COSMIC: A Multiobject Spectrograph and Direct Imaging Camera for the 5 Meter Hale Telescope Prime Focus

Abstract
We describe the design, construction, and operation of the Carnegie Observatories Spectroscopic Multislit and Imaging Camera (COSMIC) for the prime focus of the Hale 5 m telescope at Palomar Observatory. COSMIC is a reimaging grism spectrograph with a 13.65 arcmin square field of view, which can also be used as a direct imaging camera with a 9.75 arcmin square field of view. The wavelength coverage extends from 350 nm to almost 1 μm; the detector is a thinned, back‐illuminated SITe 2048 × 2048 CCD with high quantum efficiency and excellent cosmetics. Multislit aperture masks are produced photographically, with spectra of up to ~50 objects fitted on a single row of a slit mask. The instrument exhibits very little flexure and uses an active thermal control to maintain focus over a wide range of ambient temperature.

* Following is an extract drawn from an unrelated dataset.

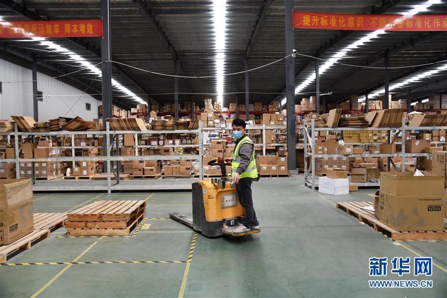 4月22日,山东临沂新明辉商城的工作人员李效峰在分拣货物。新华社记者王凯摄

In direct mode COSMIC is typically used with Kron‐Cousins, Gunn, and narrow bandpass filters. The instrument achieves throughputs of greater than 50% for direct imaging and, in spectroscopic mode, a peak efficiency at 5500 Å of slightly better than 24% of light falling on the 5 m mirror. COSMIC is optimized for faint‐object imaging, down to Gunn r = 26 mag, and multiobject spectroscopy, down to r = 23 mag, with typically 30 objects per spectroscopic exposure.